McCarthy:
All search warrants involve the possibility of forced entry. All of them involve police seizures of property, which can subject the personnel involved to legal risks as well as safety risks. The cops or federal agents usually do a good job of identifying themselves during the process of seeking or forcing entry; yet there are tragic instances in which people inside the premises mistakenly believe violent criminals, rather than cops, are trying to get in, resulting in physical confrontations including, sometimes, exchanges of gunfire.
As a result, and as a matter of common sense, the FBI always has an operational plan for carrying out a court-authorized search. That plan customarily involves reminding the search teams of the FBI’s use-of-force policies. Those policies, of course, include a refresher on the conditions under which lethal force may be used. This is to prepare law-enforcement officials for contingencies that are all too familiar, and to protect the agency and agents in the event of later legal claims.
If you don’t instantly grasp why police agencies would perform these prudential steps, you must have been living under a rock for the last decade or so, which has featured no shortage of instances in which allegations of excessive police force have been made (and a thankfully small percentage of instances when excessive force was actually used), with intense scrutiny and occasional rioting in the aftermath.

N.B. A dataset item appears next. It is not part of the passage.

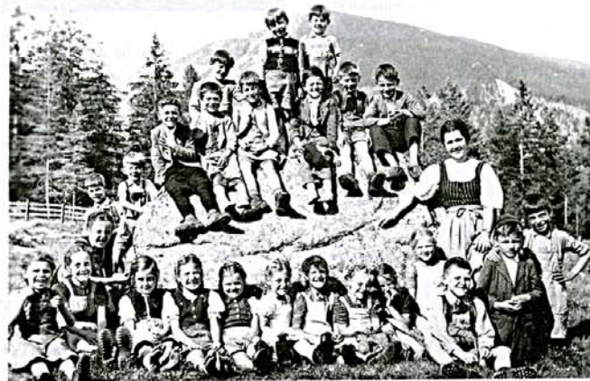
Gita primaverile della scuola elementare di Stulles / Bolzano, anni '40

lamente le scuole con 5 o 7 alunni. In Alto Adige, ad esempio, gli alunni sono riuniti in un'unica classe se non sono più di 12. Nel caso di comunità scolastiche più grandi, s'istituiscono due classi. In molte regioni alpine, circa un quarto delle scuole elementari è composto da meno di 25 alunni. Per questo motivo utilizziamo il numero 25 come parametro di riferimento per la definizione di "piccola scuola". Va comunque rilevato che nel frattempo, la Germania settentrionale e la Norvegia hanno assorbito quasi tutte le piccole scuole e che oggi la definizione "piccola scuola"

It would have been surprising if the Mar-a-Lago search hadn’t been conducted in accordance with an operational plan of which use-of-force policies were a component. It was important to do this search by the book — more on that momentarily. But there was never anticipation that force, much less lethal force, would be used, and there was never any threat to the former president. My understanding is that the FBI was reluctant to do the search — it was Justice Department officials who ran out of patience with Trump’s intransigence. The bureau intentionally carried out the search when it was known that Trump was not on the premises.